One good sign is that the 2009/10 budget read in June 2009 includes specific provisions for local government expenditure, which should help to ensure central government revenue, including mining industry contributions, makes its way down into local-level service provision.
Ultimately, the global crisis has revised the assumption that the search for mineral wealth is insatiable. Mining operations around the world have been cutting back or closing down as capital dries up. AGA is still planning USD17m in capital spending for 2009, but Fine says: "The company's overall investment plans are of course constrained by the difficulties of raising funds in these times, though a number of corporate activities have helped remedy this situation.

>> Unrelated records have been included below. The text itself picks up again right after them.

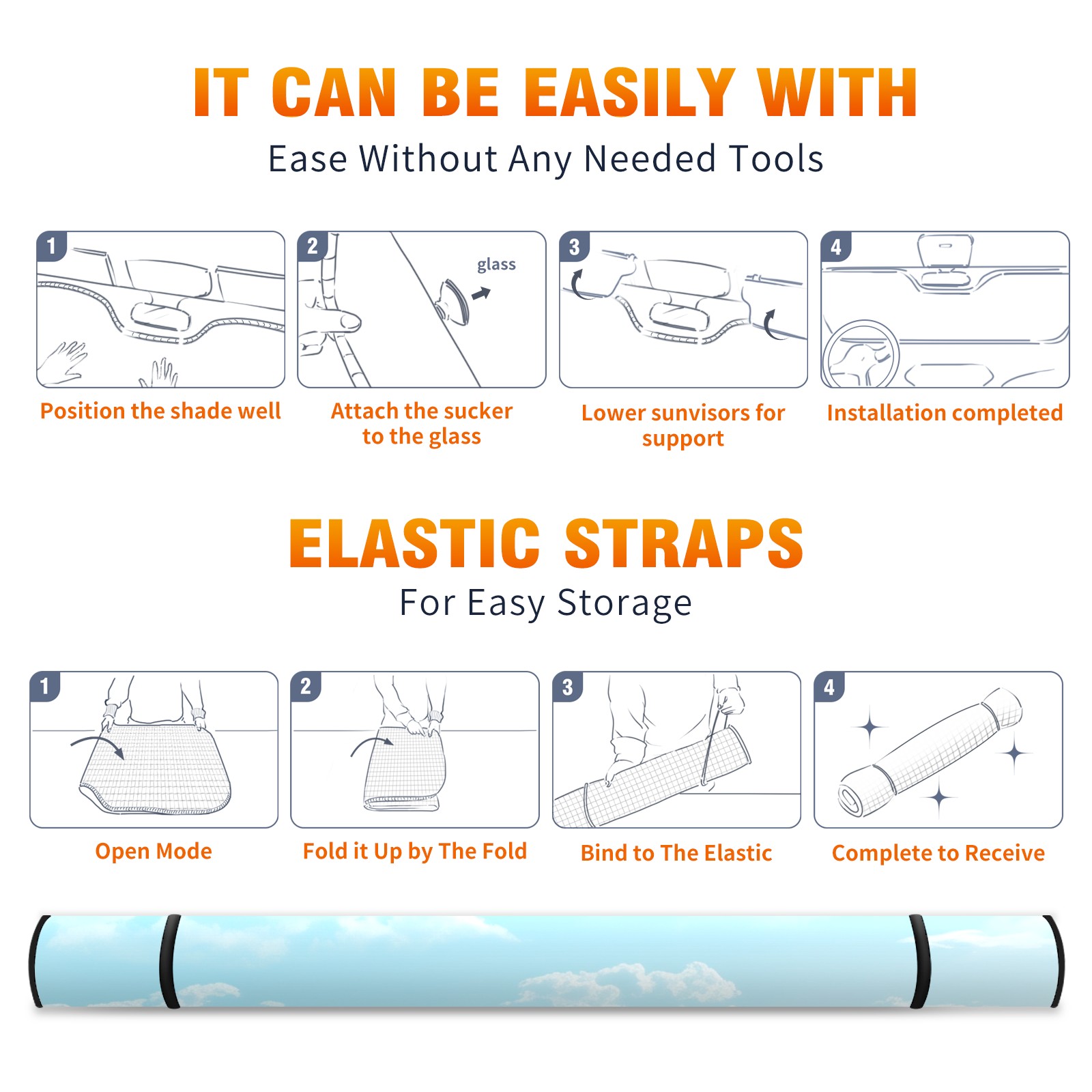 • Diameter /Size 63"L x 33.5"W Made from excellent materials which makes it sturdy and protects the car from the sun. Easy to use and pack. Makes the interior of the car cooler.You can easily stash the sunshade in the storage bag or store long term.It open and closes easy. Also the leather storage bag is durable and easy to put the umbrella back into.This windshield sunshade provides complete coverage and keeps your car interior cool under direct sun. It is easy to open and position under the windshield and around the rear-view mirror. Makes Your Car Easy To Identify, Perfect For Finding Your Car In Crowded Parking Lots And Garages.Great Choice: It Is A Great Gift For Dad, Boyfriend, Brother, Brother And Uncle, Friends, Classmates, Family And So On. Notice: Due To Difference Computer Monitors, The Color Maybe Slightly Different From Picture. As Different Measurement Methods, Measurement Data Will Float Within 2%.I Hope You Understand. If You Have Any Question About The Item Please Do Not Hesitate To Contact Us Immediately And We Will Give You A Satisfactory Reply Within 24 Hours.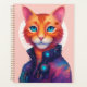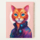 Pictured is a ginger cartoon cat in a colorful cyberpunk design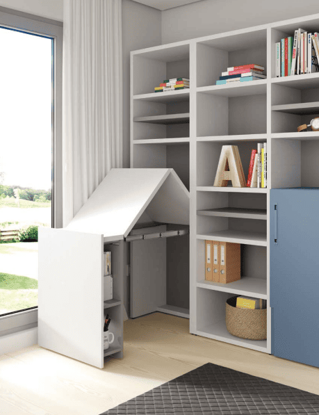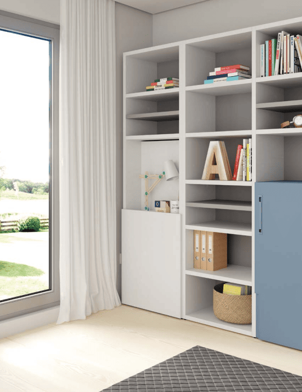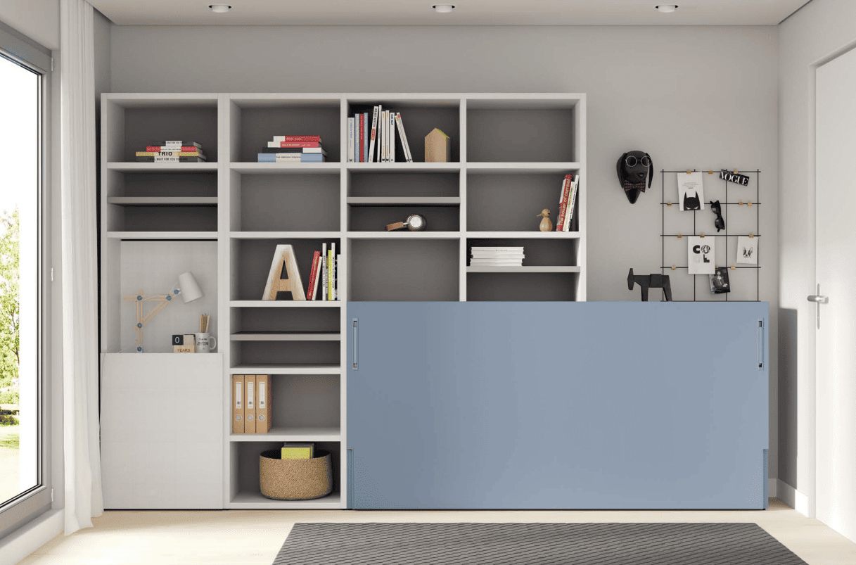 Con estos muebles vas a poder aprovechar mejor la habitación, con la cama cerrada los niños tendrán más espacio para poder jugar, donde hemos incorporado unos complementos interiores que te harán la vida más cómoda.
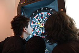 的に当たった事は分かるが、それが何点のエリアなのか分からない。裸眼会のメンバーは一投毎に的に駆け寄り、点数を確認する。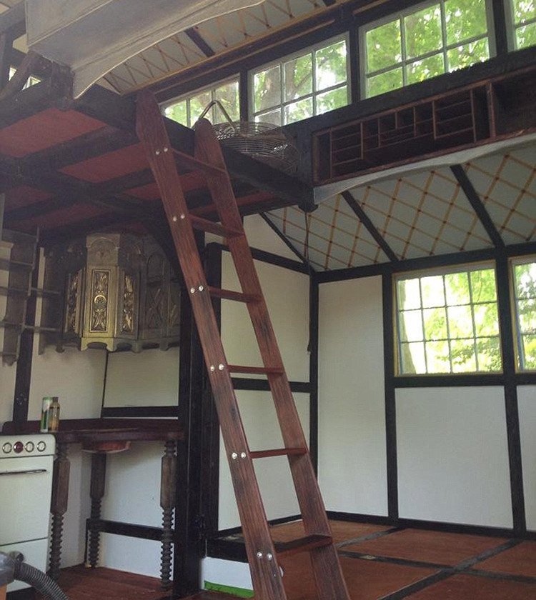 La creativa pareja ha construido una diminuta casa sobre ruedas que consiste casi por completo en materiales de los escenarios cinematográficos donde trabajan, Chloe como estilista y Brandon como carpintero. Además, la casa está diseñada de tal manera que se puede plegar para su transportación.
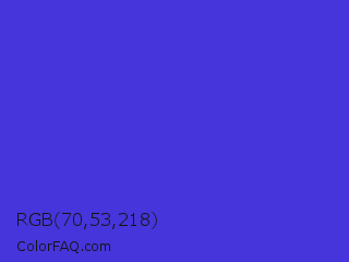 RGB 70,53,218 Color is a normal indigo color and the nearest color is Palatinate Blue #273be2. Hex code #4635da and RGB value is rgb(70,53,218). In RGB color space, this color is composed of 27% red, 21% green, 85% blue, In CMYK color space, this color is composed of 68% cyan, 76% magenta, 0% yellow , 15% black , In HSL color space, this color has a hue angle of 246° , 69% saturation and 53% lightness.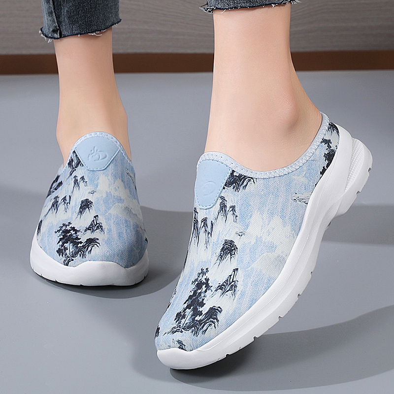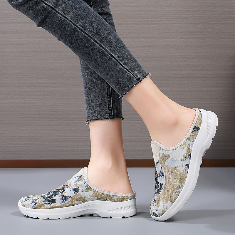 懒人鞋 老北京布鞋 一脚蹬软底防滑妈妈鞋 外穿休闲包头半拖鞋 女春季

These include a USD1.7bn rights offer, signing of a USD1bn syndicated term loan facility, and sale of our Tau Tona mine and of our one-third share of Boddington mine. These constraints will presumably continue to exist for as long as the international financial recovery takes." AGA is not planning to open any new mines in Tanzania.
Investors everywhere are recalculating risk and thinking twice about where to place their own limited resources. As long as this climate continues, Tanzania's hostile business environment will deter investment. Jengo says the aggressive changes proposed to Tanzania's fiscal mining regime will do the same: "When such regressive measures prevail, investor confidence for both existing and potential investors is to a large extent eroded. The fact that the proposed reforms are to be promulgated amidst the current global economic meltdown certainly exacerbates the situation, notwithstanding the predicted temporary nature of the meltdown. Any future investment will depend on the outcome of the proposed changes. If all recommendations of the Bomani report are taken on board, the country will certainly lose its ompetitiveness and investors will be looking elsewhere where the reward is worth the risk. There are several advanced projects in the pipeline such as the Kabanga nickel, Uranium, platinum and gold that stand to suffer in a stringent tax regime."
It is unlikely that all of Bomani's recommendations will pass, but some of them, including tax increases, probably will. Even in this case, gold companies might not stay away forever. The global crisis has been good for gold prices, as investors flock toward anything that appears more stable than banks. Demand for gold went up 38% year on year in the first quarter of 2009. Aram Shishmanian, CEO of the World Gold Council, commented in May: "There has been a seismic shift away from capital appreciation towards wealth preservation and we believe this trend will define investment behaviour in the next decade." Major uranium discoveries made in Tanzania in late 2007 will also keep the global mining industry's eye trained on the country.
If reasonable reforms pass, the mining sector will be vital to the long-term growth of Tanzania's economy. Even though the ratio of dollars invested by mining companies to jobs created is dismally low, Tanzania is not yet able to absorb very many other kinds of FDI. If the government can focus on better governance, infrastructure improvement and creating economic linkages, the mining industry can help prepare the country for more foreign investment down the line. But for this to happen, nothing less than a sea change in Tanzanian attitudes toward the outside world is required.